__Work task__.
Copy each line below as written, but skip the pictures.

__Source data__.
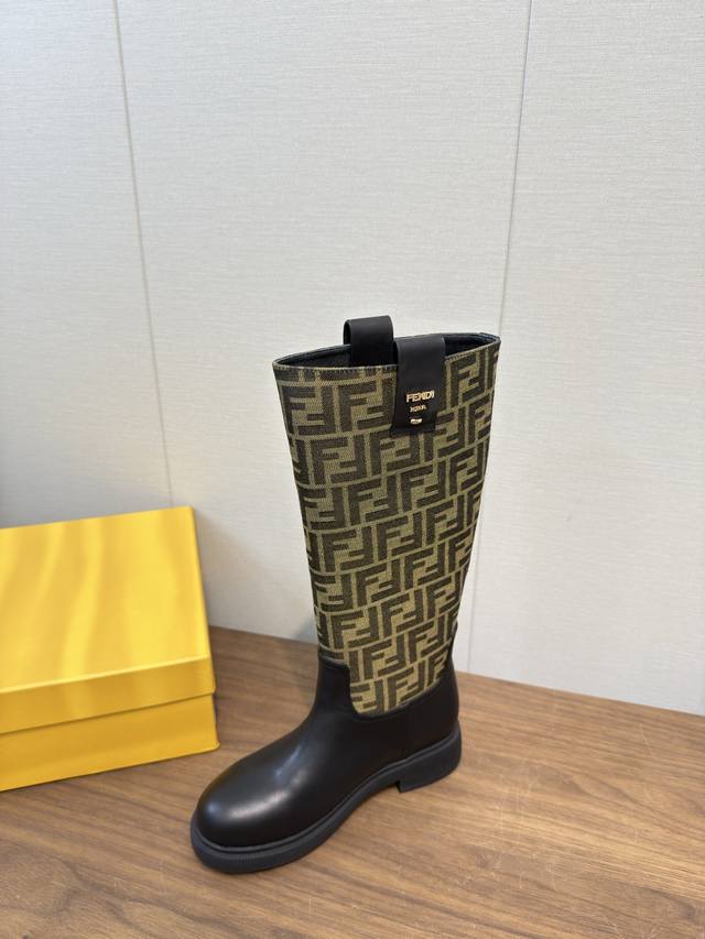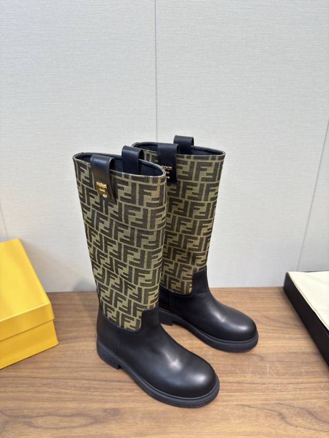 / Fendi芬迪2025 Ss秋冬新款中靴直筒靴 高筒靴 长靴 老花布 芬迪又出美靴啦 头层牛皮面料搭配F家经典老花、牛绒压花 牛皮位全油边、后包高周波压印 机车
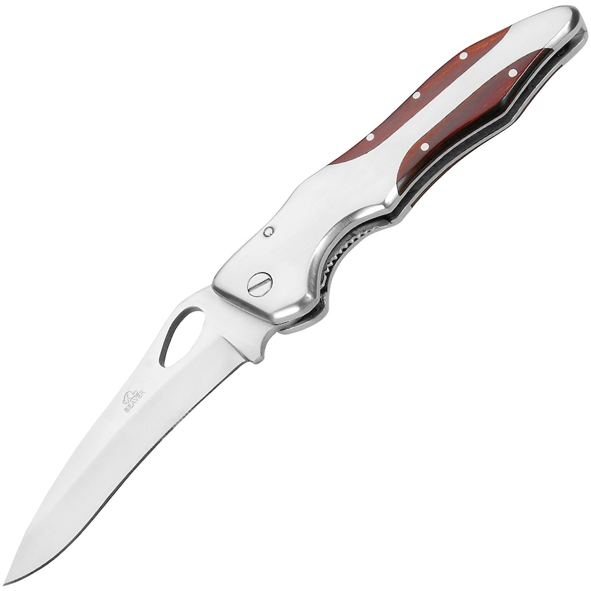 Exklusiv fickkniv med handtag av rostfritt stål och trä. Cupertino har en säkerhetsspärr som förhindrar att knivbladet inte kan fällas ut av misstag. Levereras i snygg presentask.
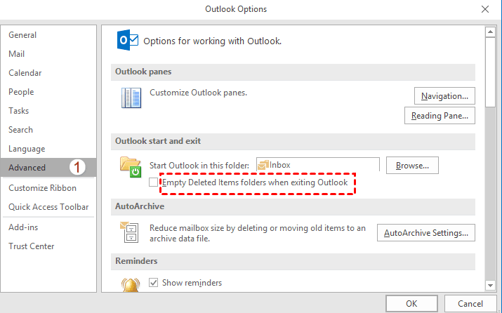 Step 2. In the Outlook Options dialog box, please click Advanced in the left bar, and then uncheck the Empty Deleted Items folders when exiting Outlook option in the Outlook start and exit section. See screenshot.

__Result of this exercise__.
 / Fendi芬迪2025 Ss秋冬新款中靴直筒靴 高筒靴 长靴 老花布 芬迪又出美靴啦 头层牛皮面料搭配F家经典老花、牛绒压花 牛皮位全油边、后包高周波压印 机车
 Exklusiv fickkniv med handtag av rostfritt stål och trä. Cupertino har en säkerhetsspärr som förhindrar att knivbladet inte kan fällas ut av misstag. Levereras i snygg presentask.
 Step 2. In the Outlook Options dialog box, please click Advanced in the left bar, and then uncheck the Empty Deleted Items folders when exiting Outlook option in the Outlook start and exit section. See screenshot.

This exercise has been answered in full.